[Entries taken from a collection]
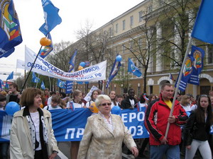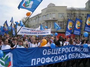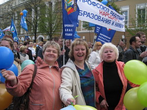 В этом году Первомай в нашей области прошел под девизом: «Работа! Зарплата! Достойная жизнь!» В Воронеже шествие большой колонны демонстрантов (в мероприятии приняли участие 17 тысяч человек, из которых 3 тысячи – члены областной организации профсоюза работников народного образования и науки РФ) от площади Победы по проспекту Революции к площади Ленина длилось около часа. Оно закончилось митингом на центральной площади города.
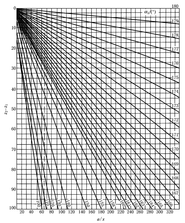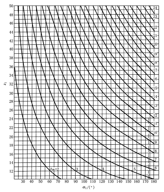 对MXL、XXL和XL型或对于m=1,1.5,一般zm≥zmmin=6,对于T2.5、T5对于圆弧齿3M,5M,必要时zmmin=4 对于特殊节距制首先在图4中纵横坐标的交点求出α1;然后在图5中由纵横坐标的交点求出,并圆整到最接近的那条zm曲线 若zm<zmmin时,可增大a或d1不变时,采用较小的pb(或m) |
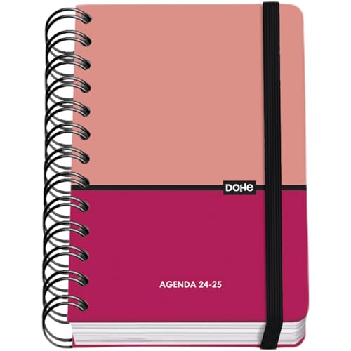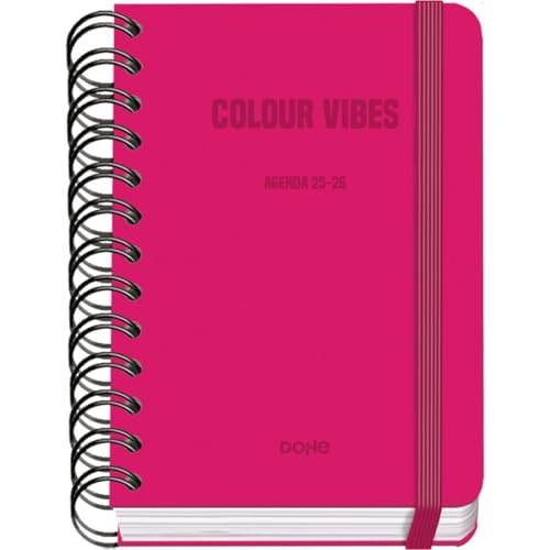 Dohe - Skolkalender 2025 2026 - Dag per sida, Storlek A6 (12x17 cm), Spanska och Engelska, Dubbelspiralbindning och Resårband, Hårt omslag, 4 Klistersidesark - COLOUR VIBES Rosa
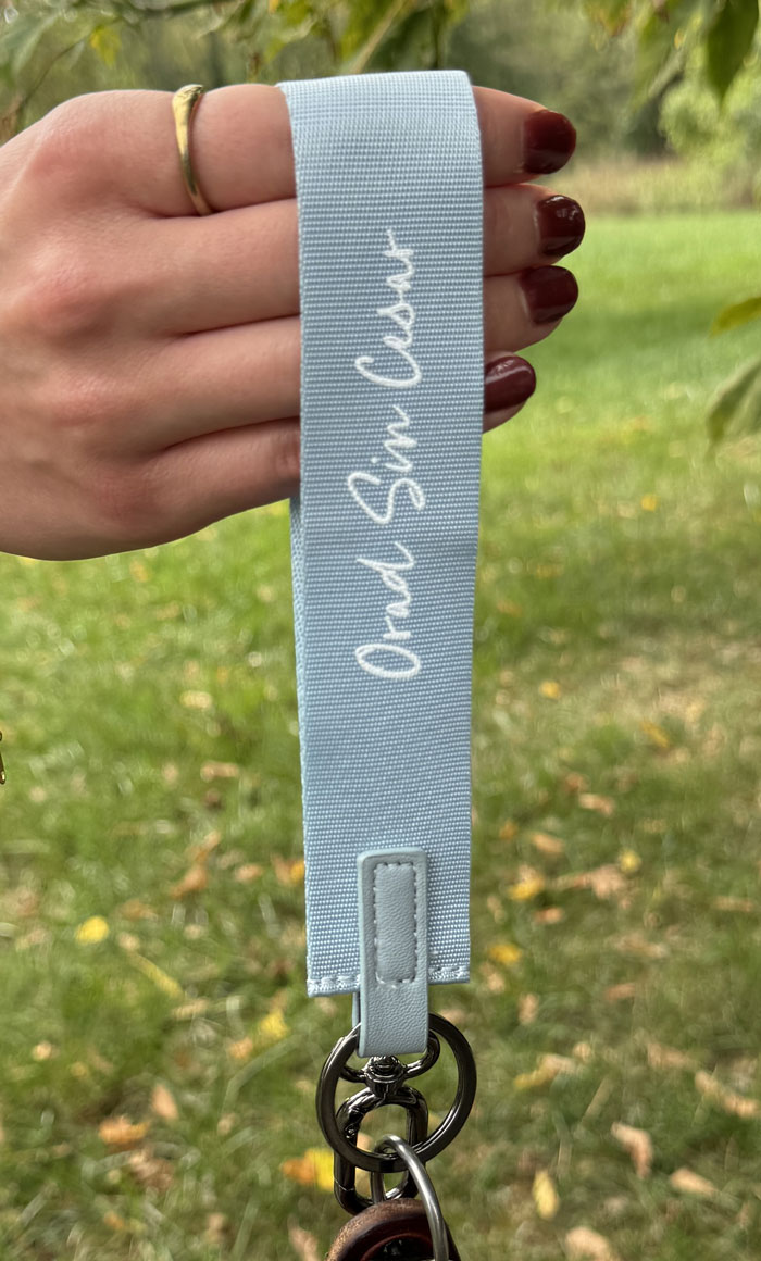 Mantén tus llaves cerca y más aún tu fe. Este llavero ligero y resistente, en un relajante color azul cielo, presenta una impresión monocromática centrada con la frase «Orad sin cesar».
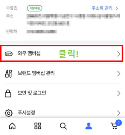 3. 사진에 보이는 '와우 멤버십'을 클릭해주세요!
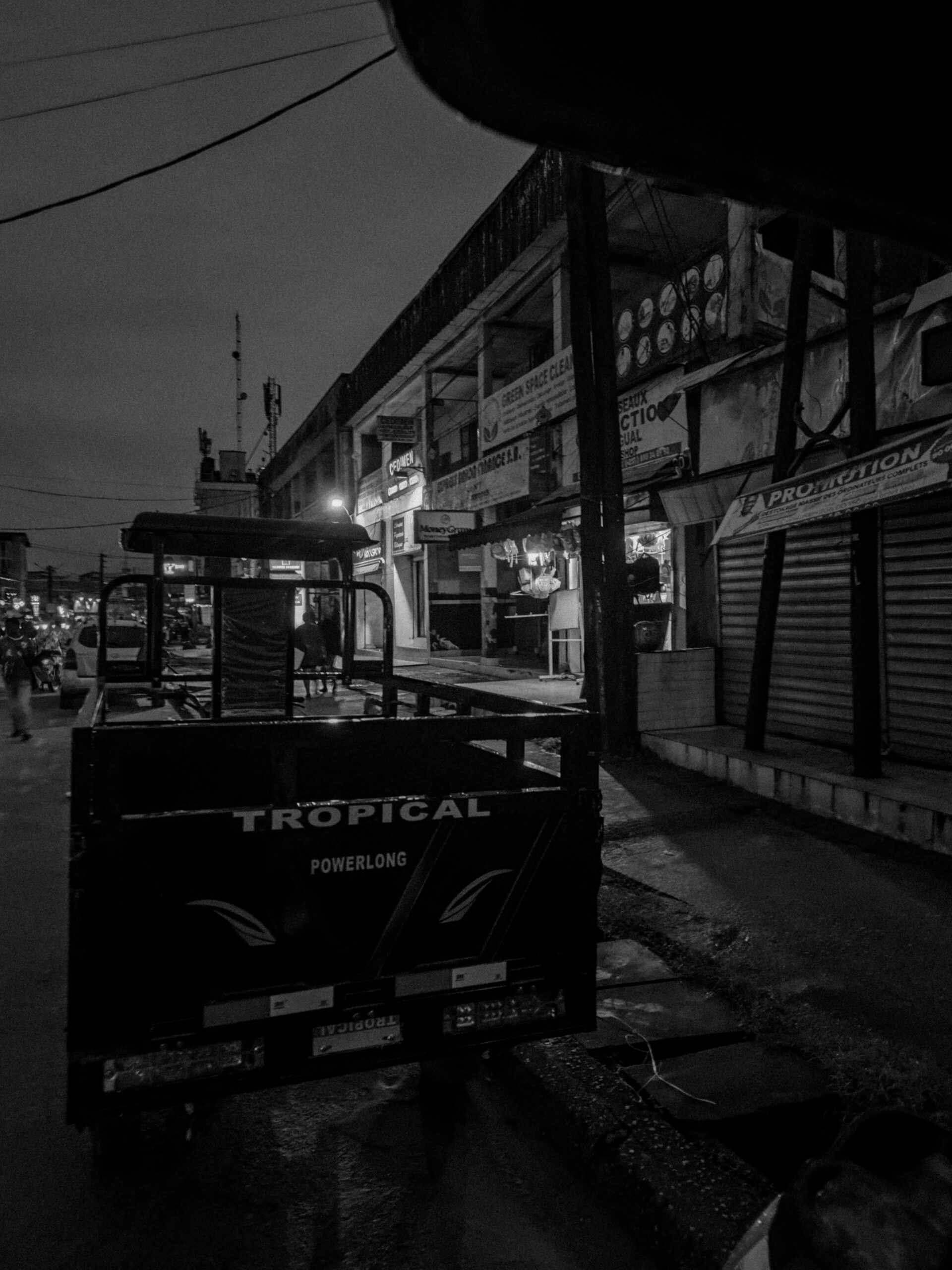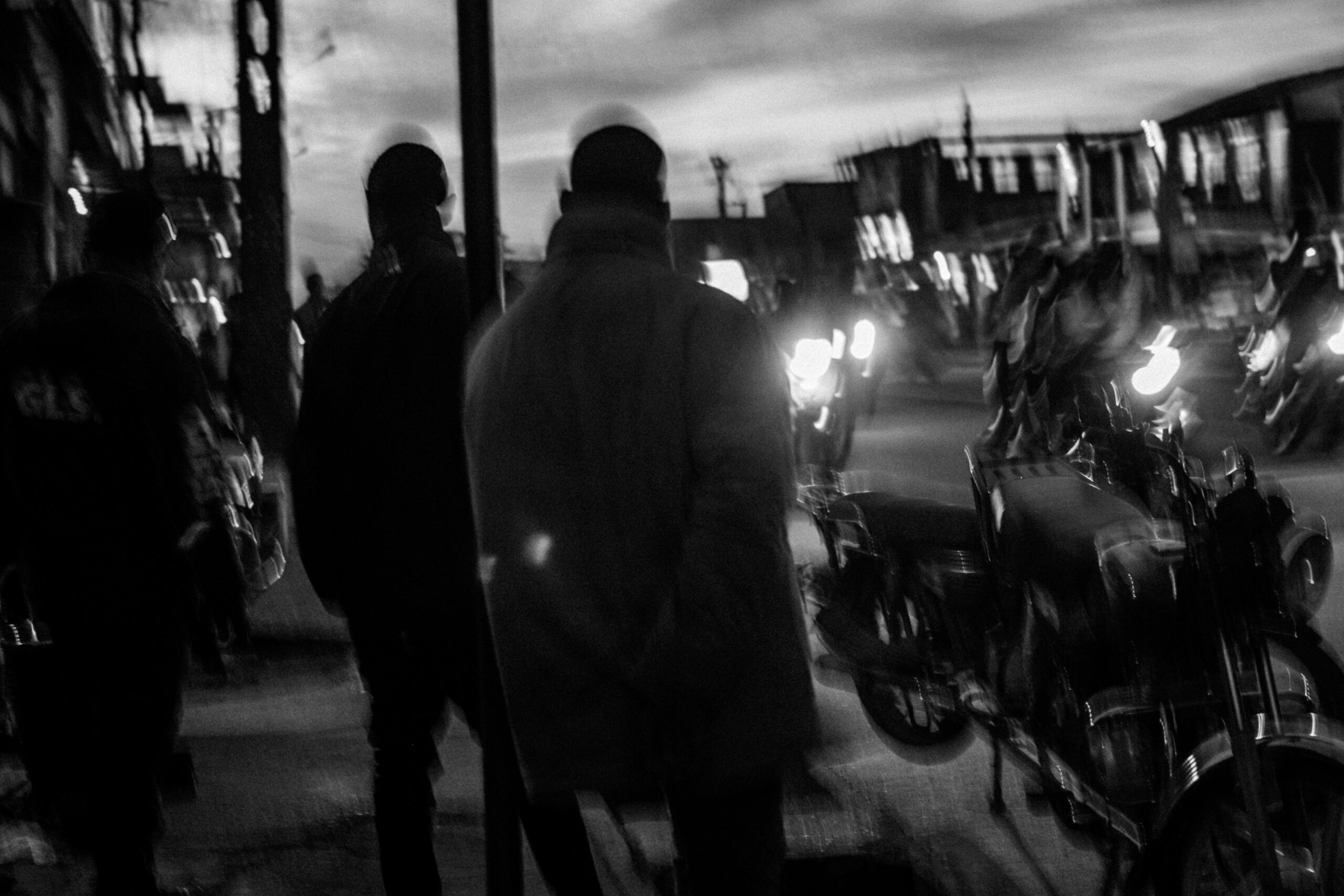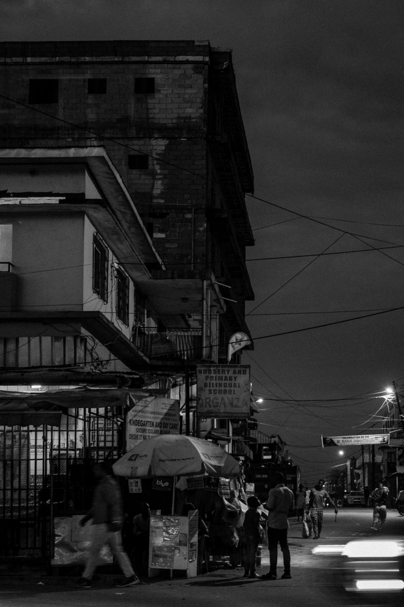 Les veines nocturnes, ce sont ces instants où tout vacille entre réalisme et abstraction. Le flou des mouvements raconte la vitesse et la fatigue, la lumière brutale révèle l’énergie de la nuit, et les ombres épaisses suggèrent la part invisible de la ville. Tel est le quotidien nocturne de Douala — vibrant, chaotique, mais toujours habité d’une mélancolie discrète.
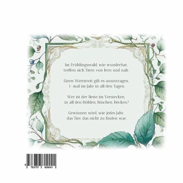 "Waldgeschichten" ist ein im Vintage Stil gehaltenes und in Reimform verfasstes Vorlesebuch für Kinder. Im Frühlingswald treffen sich Tiere aus fern und nah zum jährlichen Versteckspiel Wettbewerb. Eichhörnchen, Igel, Hase, Dachs, Reh und der Biber wollen den Titel des Versteckspiel-Meisters für sich beanspruchen. Der Fuchs als Sucher gibt sich alle Mühe, die Tiere in ihren Verstecken auszumachen und vertraut dabei auf seine Sinne und seine Erfahrung beim Aufspüren der Waldtiere. Wer wird der Sieger sein in diesem Wettstreit oder gibt es gar eine Überraschung?
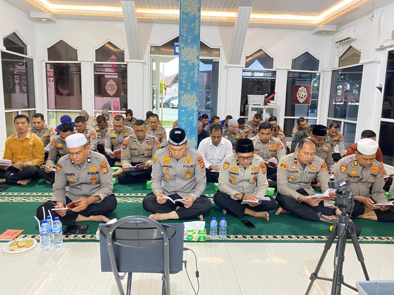 Kegiatan yang berlangsung di Musolla Ar-Rahim Polres Pidie dan diikuti langsung oleh Kapolres Pidie AKBP Jaka Mulyana, SIK, MIK, didampingi Wakapolres, para Pejabat Utama (PJU), perwira, brigadir, serta ASN Polres Pidie.
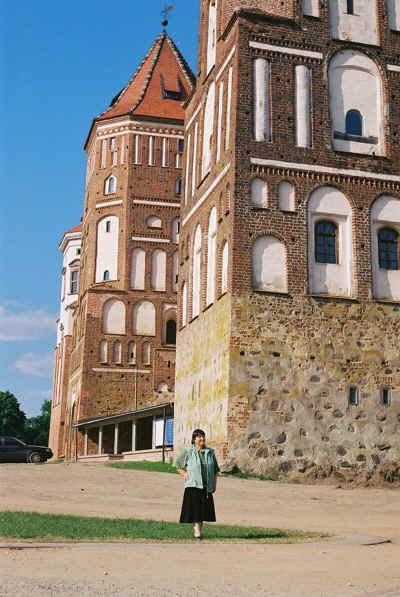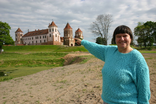 Picture of Maria pointing to her ancestra home of Mir Castle
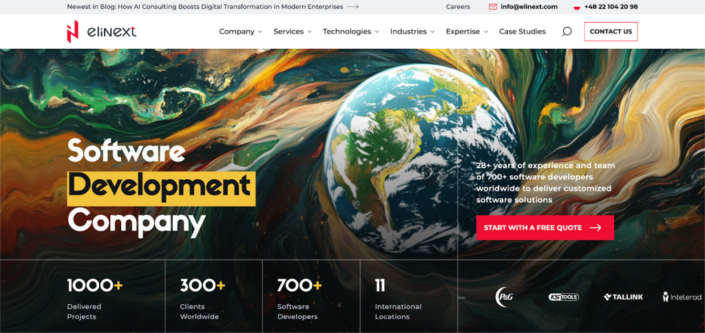 Elinext is a long-established development company from Poland with experience across custom software and enterprise systems. Web development is part of a broader technical offering rather than a standalone specialty.
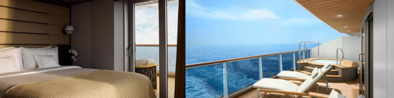 Kaina asmeniui dvivietėje kajutėje Cove Residence su privačia džiakuzi terasoje 16 200 eur/asm

Task item: Word for word, restate all of the data, but do not copy the pictures.

Response to the task:
 В этом году Первомай в нашей области прошел под девизом: «Работа! Зарплата! Достойная жизнь!» В Воронеже шествие большой колонны демонстрантов (в мероприятии приняли участие 17 тысяч человек, из которых 3 тысячи – члены областной организации профсоюза работников народного образования и науки РФ) от площади Победы по проспекту Революции к площади Ленина длилось около часа. Оно закончилось митингом на центральной площади города.
 对MXL、XXL和XL型或对于m=1,1.5,一般zm≥zmmin=6,对于T2.5、T5对于圆弧齿3M,5M,必要时zmmin=4 对于特殊节距制首先在图4中纵横坐标的交点求出α1;然后在图5中由纵横坐标的交点求出,并圆整到最接近的那条zm曲线 若zm<zmmin时,可增大a或d1不变时,采用较小的pb(或m) |
 Dohe - Skolkalender 2025 2026 - Dag per sida, Storlek A6 (12x17 cm), Spanska och Engelska, Dubbelspiralbindning och Resårband, Hårt omslag, 4 Klistersidesark - COLOUR VIBES Rosa
 Mantén tus llaves cerca y más aún tu fe. Este llavero ligero y resistente, en un relajante color azul cielo, presenta una impresión monocromática centrada con la frase «Orad sin cesar».
 3. 사진에 보이는 '와우 멤버십'을 클릭해주세요!
 Les veines nocturnes, ce sont ces instants où tout vacille entre réalisme et abstraction. Le flou des mouvements raconte la vitesse et la fatigue, la lumière brutale révèle l’énergie de la nuit, et les ombres épaisses suggèrent la part invisible de la ville. Tel est le quotidien nocturne de Douala — vibrant, chaotique, mais toujours habité d’une mélancolie discrète.
 "Waldgeschichten" ist ein im Vintage Stil gehaltenes und in Reimform verfasstes Vorlesebuch für Kinder. Im Frühlingswald treffen sich Tiere aus fern und nah zum jährlichen Versteckspiel Wettbewerb. Eichhörnchen, Igel, Hase, Dachs, Reh und der Biber wollen den Titel des Versteckspiel-Meisters für sich beanspruchen. Der Fuchs als Sucher gibt sich alle Mühe, die Tiere in ihren Verstecken auszumachen und vertraut dabei auf seine Sinne und seine Erfahrung beim Aufspüren der Waldtiere. Wer wird der Sieger sein in diesem Wettstreit oder gibt es gar eine Überraschung?
 Kegiatan yang berlangsung di Musolla Ar-Rahim Polres Pidie dan diikuti langsung oleh Kapolres Pidie AKBP Jaka Mulyana, SIK, MIK, didampingi Wakapolres, para Pejabat Utama (PJU), perwira, brigadir, serta ASN Polres Pidie.
 Picture of Maria pointing to her ancestra home of Mir Castle
 Elinext is a long-established development company from Poland with experience across custom software and enterprise systems. Web development is part of a broader technical offering rather than a standalone specialty.
 Kaina asmeniui dvivietėje kajutėje Cove Residence su privačia džiakuzi terasoje 16 200 eur/asm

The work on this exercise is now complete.